Là où l’on pensait, de loin, trouver la malléabilité
du caoutchouc, là où l’on pensait, de loin, trouver
une certaine légèreté, ils nous offrent au contraire, maintenant qu’on s’est approché, la dureté du verre, et une pesanteur certaine. Ou Les Soldats. Cloués au sol, ils se présentent d’abord, de surplomb, comme un tapis de feuilles.
Ne se révélant qu’ensuite être un camouflage, abriter
des guerriers.À condition bien sûr qu’on en ait fait le tour, qu’on se soit abaissé, qu’on ait consenti soi-même
à se mettre à leur niveau, à leur échelle.
Ce déplacement du corps d’ailleurs, dont il est ici question,
est essentiel chez Sébastien Gouju. Et c’est bien pour cela qu’on aparlé tout à l’heure d’installation, aussi, et pas seulement d’objets.

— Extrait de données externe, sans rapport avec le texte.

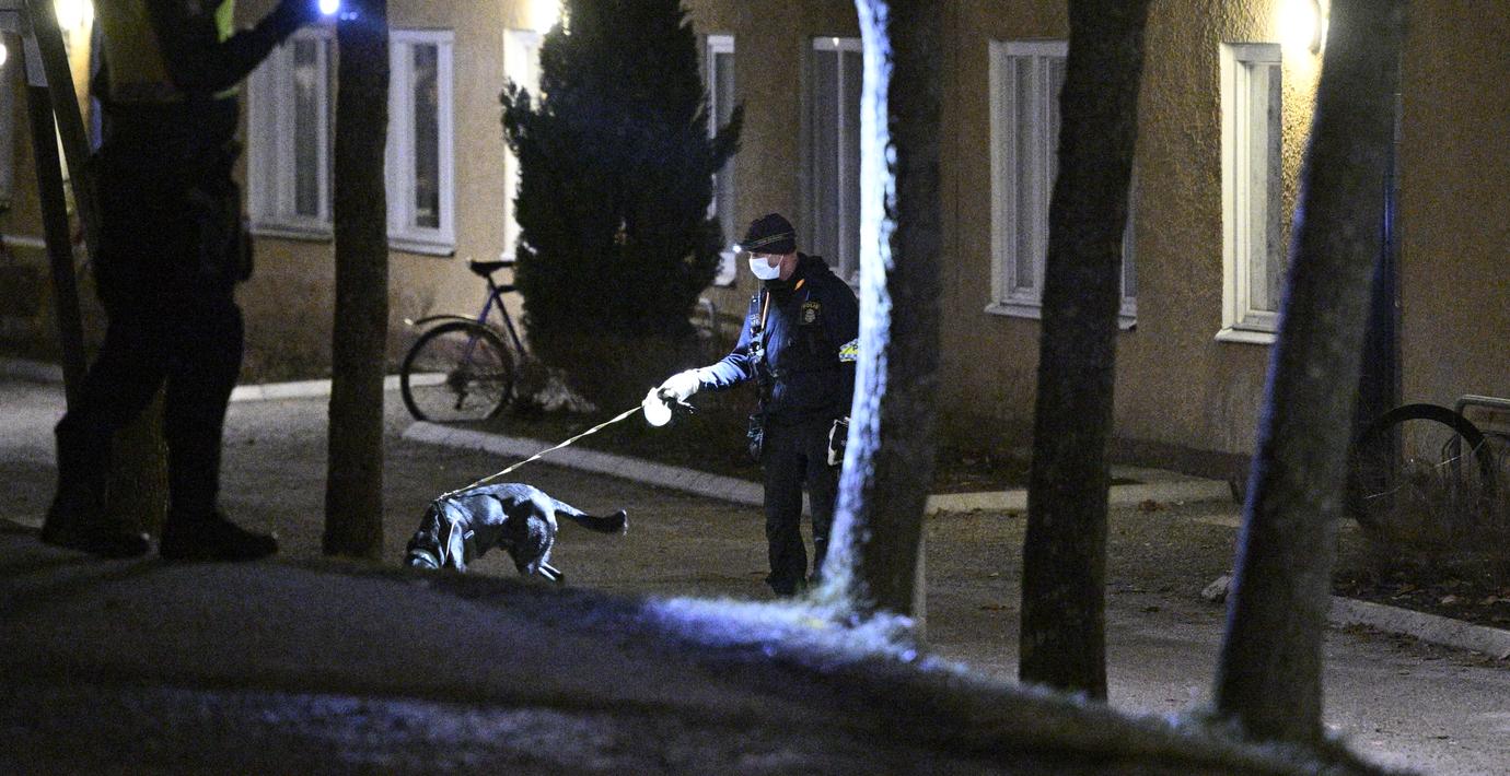 Man skjuten utomhus i Vårby gård – stor polisinsats

C’est au corps, en effet, en tant qu’il est le lieu, précisément, où se passe la sensation, en acte, en tant qu’il est le lieu, aussi, où s’en conserve précisément la mémoire,
où s’en conserve le protocole, c’est au corps, dis-je,
que parlent généralement ses pièces.
Ce n’est point là un art conceptuel, ni intellectuel.
Mais c’est un art, au contraire, tout en intuition.

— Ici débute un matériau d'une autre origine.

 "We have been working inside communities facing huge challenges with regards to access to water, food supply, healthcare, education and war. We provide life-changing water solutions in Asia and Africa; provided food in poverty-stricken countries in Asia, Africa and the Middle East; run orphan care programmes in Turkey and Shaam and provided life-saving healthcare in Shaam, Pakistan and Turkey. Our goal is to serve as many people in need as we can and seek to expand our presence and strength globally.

Les pièces de Sébastien Gouju perturbent discrètement
nos attentes, nos habitudes. Mine de rien. Et c’est de cette discrétion même, de cette simplicité, de ce mine de rien qu’elles tirent tout à la fois leur efficacité et qu’elles tirent
leur beauté. Nous renvoyant à cet instant dont je parlais
déjà tout à l’heure : comme à l’aube de nos premières expériences, de nos premières découvertes.
Avant que le monde ne soit devenu monde. Avant que nous ayons cessé d’y prendre garde. À force d’y être.